(EXERCISE INPUTS)

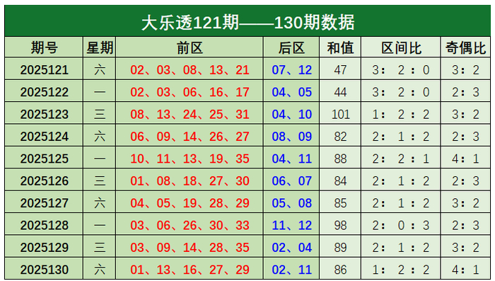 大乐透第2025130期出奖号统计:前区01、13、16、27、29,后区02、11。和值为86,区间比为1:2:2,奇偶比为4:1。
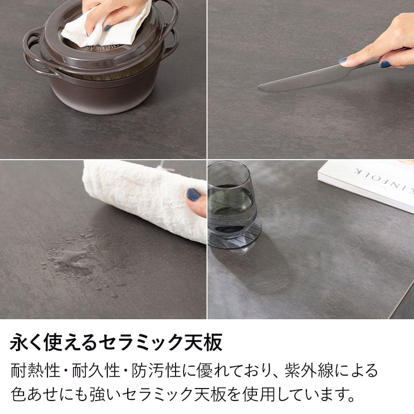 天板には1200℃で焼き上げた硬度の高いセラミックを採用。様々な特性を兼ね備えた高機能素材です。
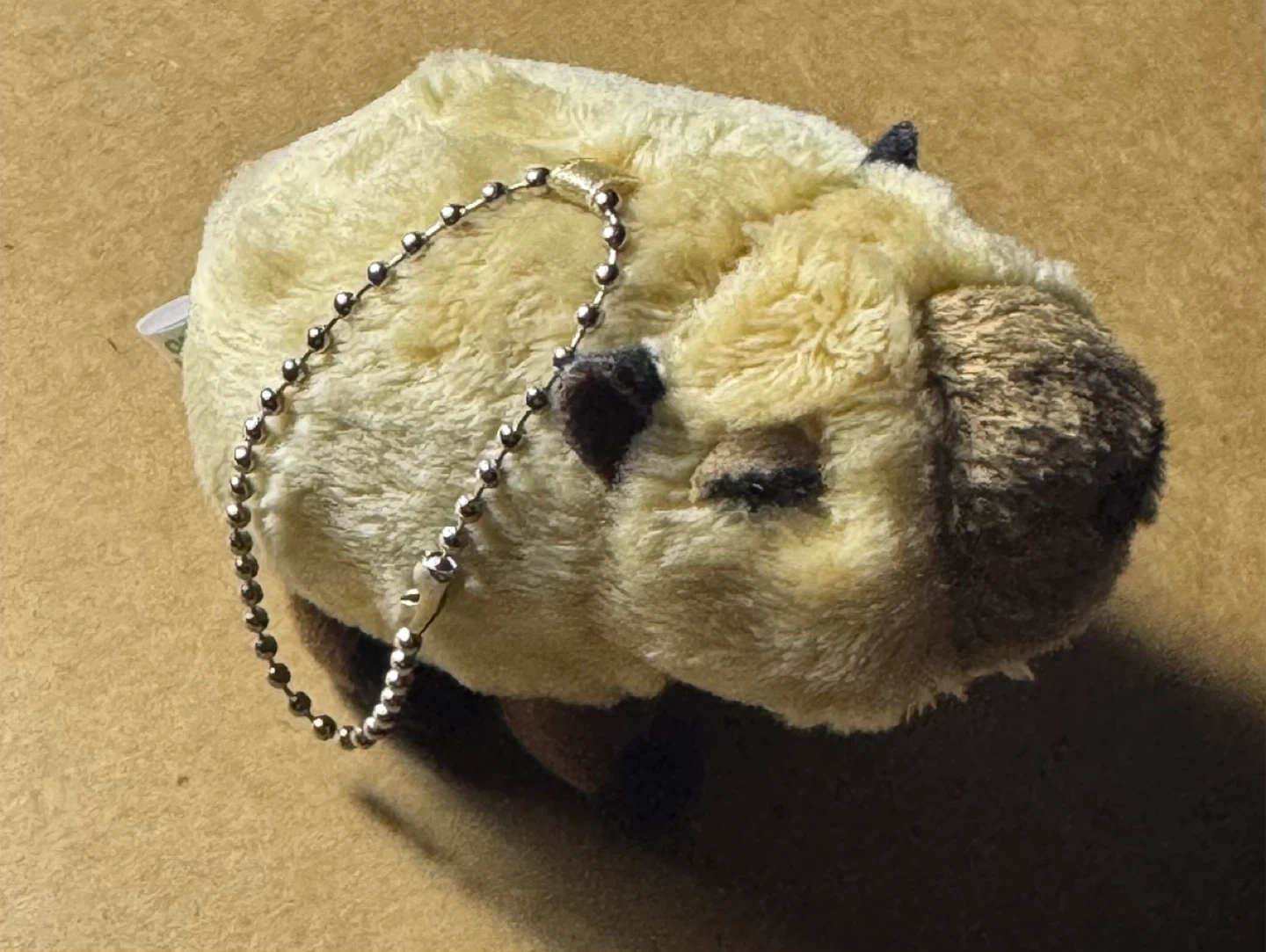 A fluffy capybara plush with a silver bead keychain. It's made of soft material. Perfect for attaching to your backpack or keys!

(End EXERCISE INPUTS)
(EXERCISE INPUTS)

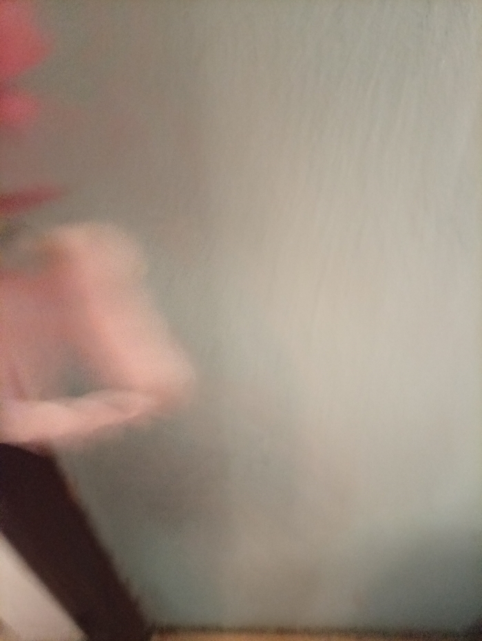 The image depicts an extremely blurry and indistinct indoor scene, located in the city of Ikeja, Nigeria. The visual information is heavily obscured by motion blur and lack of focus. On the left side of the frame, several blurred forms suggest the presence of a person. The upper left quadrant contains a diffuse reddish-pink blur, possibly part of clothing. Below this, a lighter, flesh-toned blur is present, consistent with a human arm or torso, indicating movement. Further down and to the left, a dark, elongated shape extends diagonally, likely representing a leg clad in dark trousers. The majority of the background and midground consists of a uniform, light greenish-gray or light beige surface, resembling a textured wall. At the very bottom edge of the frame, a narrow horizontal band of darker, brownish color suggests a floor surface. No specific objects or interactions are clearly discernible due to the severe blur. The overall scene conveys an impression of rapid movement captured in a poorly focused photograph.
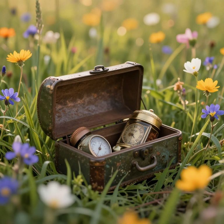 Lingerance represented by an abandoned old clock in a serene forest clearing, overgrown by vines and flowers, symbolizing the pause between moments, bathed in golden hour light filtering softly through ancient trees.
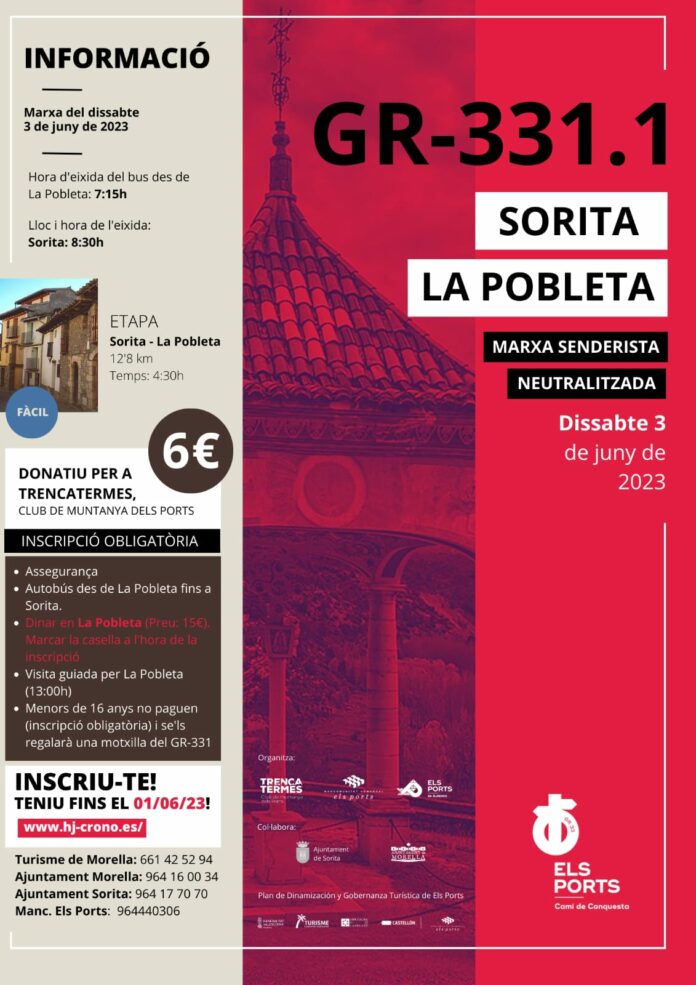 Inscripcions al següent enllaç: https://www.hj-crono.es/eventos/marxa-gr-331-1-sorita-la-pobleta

(End EXERCISE INPUTS)

EXERCISE REQUIREMENTS
Copy the lines above between the one holding "Lingerance represented by" and the one holding "Inscripcions al següent", inclusive. Drop the pictures.

COMPLETED TASK
 Lingerance represented by an abandoned old clock in a serene forest clearing, overgrown by vines and flowers, symbolizing the pause between moments, bathed in golden hour light filtering softly through ancient trees.
 Inscripcions al següent enllaç: https://www.hj-crono.es/eventos/marxa-gr-331-1-sorita-la-pobleta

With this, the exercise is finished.